Mr Tusk characterised the discussions over dinner as "substantive and constructive".
"Prime Minister Cameron set out in detail his position, in particular regarding benefits and free movement," said the council president. "He explained his request for a model based on four years and reiterated his openness to alternative solutions only if they could achieve the same objective.
"Leaders voiced their concerns but also demonstrated willingness to look for compromises.
"Building on this positive debate, we agreed to work together to find solutions in all four baskets raised by Prime Minister Cameron.

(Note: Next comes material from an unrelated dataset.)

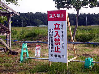 ●南相馬市の警戒区域で測定 その後、相馬太田神社を最後に櫻井市長と別れ、車で県道169号線を東へ向かい、南相馬市と浪江町の境界近くまで行く。 途中、 県道169号線を離れ、南相馬市内の20km圏の警戒区域の線上を視察する。20km境界線は、原町区と小高区の境界線から3kmほど北に行ったところにある。 ところで、下の地図にあるように南相馬市は鹿島、原町、小高の3つの基礎自治体が合併してできた自治体である。 ![]() 南相馬市全図。 下は多珂神社近くの警戒区域の線上にある牛舎。この牛舎はギリギリ警戒区域外となっていた。 ![]() 多珂神社近くの警戒区域の線上にある牛舎 撮影:鷹取敦 ![]() 多珂神社近くの警戒区域の線上にある牛舎 撮影:鷹取敦 このあたりは、市道をどこに行っても、下の写真にある立入禁止の看板があり、それ以上入れなかった。 ![]() 常磐線近くの北川原にある警戒区域の立入禁止看板 撮影:鷹取敦 この辺の放射線量は、警戒区域のすぐそばだが、0.46μシーベルト/hと低い。 ![]() 多珂神社近くの警戒区域の立入禁止看板近くの放射線量 撮影:鷹取敦 さらに浪江町に向かって国道6号線を南下する。そしてついに20km圏「警戒区域」の線上に到着する。 機動隊に車を止められ、許可書の提示を求められる。 ![]() 国道6号線の南相馬市小高地区から北に3kmほどの位置にある警戒区域バリケード 撮影:鷹取敦 ![]() 国道6号線の南相馬市小高地区から北に3kmほどの位置にある警戒区域バリケード(ビデオより切り出し) 撮影:青山貞一 ![]() 国道6号線の南相馬市小高地区から北に3kmほどの位置にある警戒区域バリケード 撮影:青山貞一 今回、許可書は持っていないこともあり、ここで南下を諦め、警戒区域線上で放射線の測定を行う。 ![]() 国道6号線の南相馬市小高地区から北に3kmほどの位置にある警戒区域バリケードを背景に 撮影:鷹取敦 南相馬市南端20km圏の境界線上 動画撮影:青山貞一 南相馬市南端20km圏の境界線上で測定 動画撮影:青山貞一 ここは、警戒区域でありながら案の定、放射線量は平均値で0.38マイクロシーベルト/時であり、飯舘村の1/10以下、福島市、二本松市、郡山市よりも1/4〜1/6も低いのには驚いた。 福島放射線現地調査結果(2011.6.19夕方) 単位:μシーベルト/時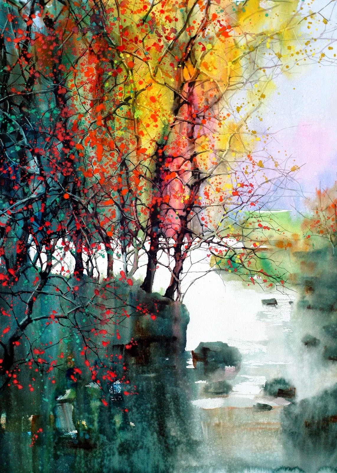 Il maestro Feng è specializzato in ritratti e paesaggi, ma sono soprattutto questi ultimi che sembrano dipinti da una miracolosa pioggia colorata.

Hard work on all baskets is still ahead of us.
"First we will work closely with the UK and the (European) Commission and in the run-up to the February European Council, I will table a concrete text to all the leaders."
In his 40-minute presentation - described by UK sources as his longest ever speech to leaders at an EU summit - Mr Cameron sought to persuade them that British worries must be accommodated ahead of the looming in-out referendum.
"The levels of migration we have seen in a relatively short period of time are unprecedented, including the pressures this places on communities and public services," he said.
"This is a major concern of the British people that is undermining support for the European Union.
"We need to find an effective answer to this problem."
Warning that support for EU membership in Britain is "wafer thin", Mr Cameron said: "Countries need flexibility so they can make changes to their welfare systems to better manage migration."
And he asked: "Are we going to find the flexibility to address the concerns of the UK and work together to fix this?"
The Prime Minister is under intense domestic pressure to secure substantial concessions ahead of the referendum on EU membership promised by the end of 2017.
Downing Street has said his presentation to leaders - over a dinner without any of their diplomatic entourage - was designed to put some political momentum into the renegotiation process.
Mr Cameron has already been forced to abandon his initial hope that a deal could be finalised before Christmas, and now hopes it will be possible by the next summit in February.
June is widely mooted as his favoured schedule for holding the referendum, before a summer in which Europe's migrant crisis could reach new heights.
Labour leader Jeremy Corbyn, who has been in Brussels attending a meeting of the European parliament's socialist bloc, accused Mr Cameron of pursuing irrelevant reforms because he could not manage tensions in the Conservative Party.
Mr Corbyn told the BBC: "He has come here for an argument without being very clear about what the argument is about.
"Why can't he just say, 'Well, actually, this argument really belongs within the Conservative Party', and perhaps the Conservative Party should sort out what their problem is first."
But the Labour leader also appeared to question his party's previous commitment to a two-year ban on migrants getting in-work benefits.
He reportedly told the Politico website: "If someone is working, paying taxes like anyone else, he should have access to the same benefits as everyone else."
Meanwhile, HM Revenue & Customs has come under fire for refusing to release statistics relating to UK immigration because it could prejudice the renegotiation bid.
Former Whitehall economist Jonathan Portes used freedom of information rules to request figures on how many National Insurance numbers allocated to European nationals were active after noticing a discrepancy between the number issued and official immigration estimates.
An HMRC spokesman said the response had been issued in error and the figures were expected to be published in the new year.
He said: "It was wrong to suggest information was withheld because of the EU renegotiation.
"Not all the information that has been requested is held by HMRC. The information that is held is not in a collated, publishable form.
"HMRC will release that data when it is properly collated early in the New Year."